■ What is being asked: Print the lines that run from the line with "Le célèbre coup du sabre" to the line with "INFOS ET INSCRIPTIONS", keeping both end lines, exactly as they appear in the entries below, and nothing else.

■ Dataset records:
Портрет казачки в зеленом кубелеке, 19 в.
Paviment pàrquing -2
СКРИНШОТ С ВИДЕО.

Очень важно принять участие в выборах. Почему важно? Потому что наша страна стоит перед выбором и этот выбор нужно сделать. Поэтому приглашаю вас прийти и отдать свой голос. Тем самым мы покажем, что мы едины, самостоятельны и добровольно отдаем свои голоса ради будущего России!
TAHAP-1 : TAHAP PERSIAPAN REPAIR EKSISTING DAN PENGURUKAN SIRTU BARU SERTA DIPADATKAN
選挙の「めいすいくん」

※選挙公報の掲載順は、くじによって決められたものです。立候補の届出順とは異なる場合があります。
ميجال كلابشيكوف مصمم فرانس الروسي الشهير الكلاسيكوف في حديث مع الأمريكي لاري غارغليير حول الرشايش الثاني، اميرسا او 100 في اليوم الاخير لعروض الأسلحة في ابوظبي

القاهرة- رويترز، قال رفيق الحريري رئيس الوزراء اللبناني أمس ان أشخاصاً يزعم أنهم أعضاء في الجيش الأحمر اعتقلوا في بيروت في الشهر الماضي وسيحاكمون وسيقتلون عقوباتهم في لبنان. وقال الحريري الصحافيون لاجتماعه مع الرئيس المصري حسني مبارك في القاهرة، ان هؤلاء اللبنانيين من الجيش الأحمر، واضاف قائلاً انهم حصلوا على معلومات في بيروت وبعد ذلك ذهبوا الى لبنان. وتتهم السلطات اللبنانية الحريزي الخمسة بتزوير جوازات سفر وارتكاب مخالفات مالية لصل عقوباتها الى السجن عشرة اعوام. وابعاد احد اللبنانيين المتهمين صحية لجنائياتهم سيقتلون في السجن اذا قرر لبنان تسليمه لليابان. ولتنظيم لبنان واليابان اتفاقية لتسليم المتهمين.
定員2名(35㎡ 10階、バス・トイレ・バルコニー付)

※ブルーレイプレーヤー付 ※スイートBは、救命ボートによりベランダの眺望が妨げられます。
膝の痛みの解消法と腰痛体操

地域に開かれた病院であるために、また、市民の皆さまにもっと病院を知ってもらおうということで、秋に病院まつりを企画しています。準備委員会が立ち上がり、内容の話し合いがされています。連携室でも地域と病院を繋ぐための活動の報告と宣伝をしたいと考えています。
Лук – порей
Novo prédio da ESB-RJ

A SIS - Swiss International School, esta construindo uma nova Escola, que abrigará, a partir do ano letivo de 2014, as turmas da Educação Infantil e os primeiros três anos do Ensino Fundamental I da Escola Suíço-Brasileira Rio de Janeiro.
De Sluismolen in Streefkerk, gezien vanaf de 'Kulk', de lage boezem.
* * *
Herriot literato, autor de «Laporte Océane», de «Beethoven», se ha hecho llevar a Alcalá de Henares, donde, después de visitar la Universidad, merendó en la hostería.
---
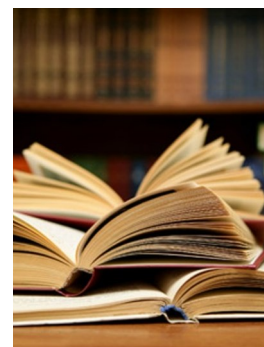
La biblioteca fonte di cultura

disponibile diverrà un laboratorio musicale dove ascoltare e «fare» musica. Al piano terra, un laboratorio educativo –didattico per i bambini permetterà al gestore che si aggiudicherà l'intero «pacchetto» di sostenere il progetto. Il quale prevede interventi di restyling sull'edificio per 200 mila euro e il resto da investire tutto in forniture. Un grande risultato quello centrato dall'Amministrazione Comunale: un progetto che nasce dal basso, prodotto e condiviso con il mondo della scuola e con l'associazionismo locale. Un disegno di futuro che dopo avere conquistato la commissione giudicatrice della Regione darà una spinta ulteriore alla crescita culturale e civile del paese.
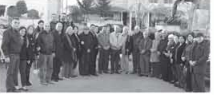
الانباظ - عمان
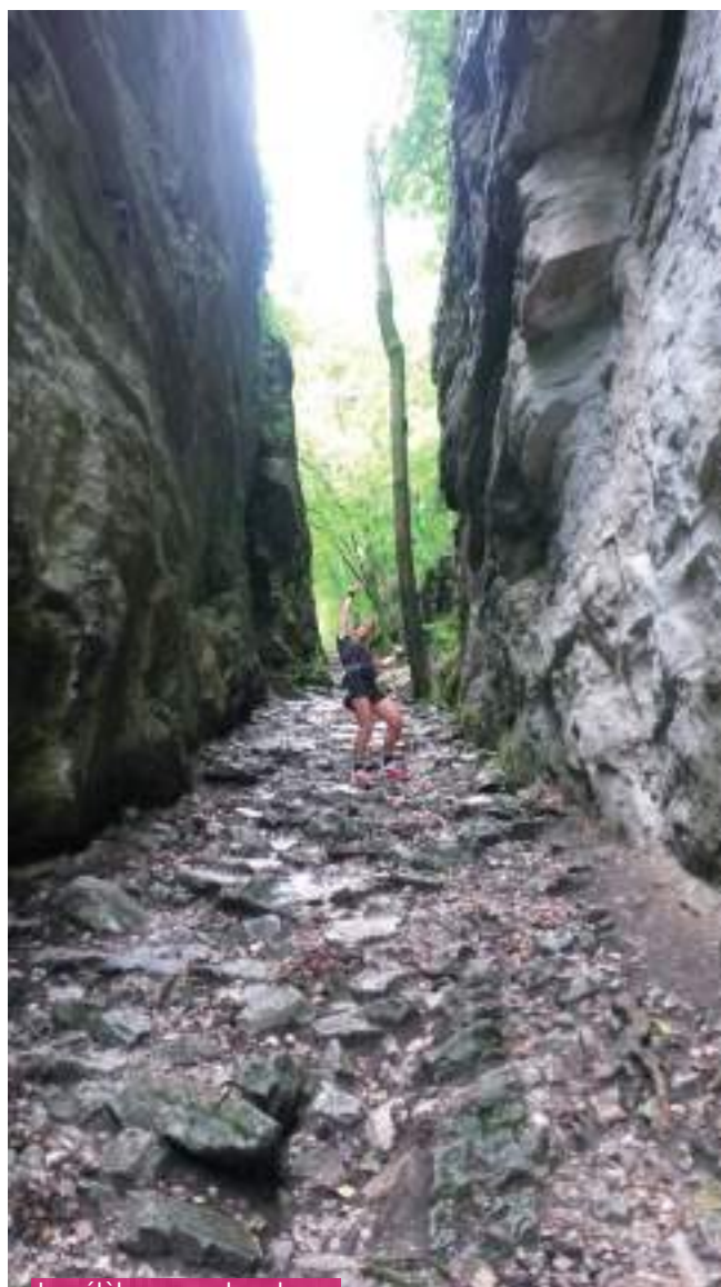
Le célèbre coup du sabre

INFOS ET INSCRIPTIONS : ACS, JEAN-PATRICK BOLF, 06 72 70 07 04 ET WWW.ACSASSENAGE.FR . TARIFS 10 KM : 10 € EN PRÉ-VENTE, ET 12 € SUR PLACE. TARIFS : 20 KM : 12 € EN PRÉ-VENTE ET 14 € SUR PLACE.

■ Solution to this exercise:
Le célèbre coup du sabre

INFOS ET INSCRIPTIONS : ACS, JEAN-PATRICK BOLF, 06 72 70 07 04 ET WWW.ACSASSENAGE.FR . TARIFS 10 KM : 10 € EN PRÉ-VENTE, ET 12 € SUR PLACE. TARIFS : 20 KM : 12 € EN PRÉ-VENTE ET 14 € SUR PLACE.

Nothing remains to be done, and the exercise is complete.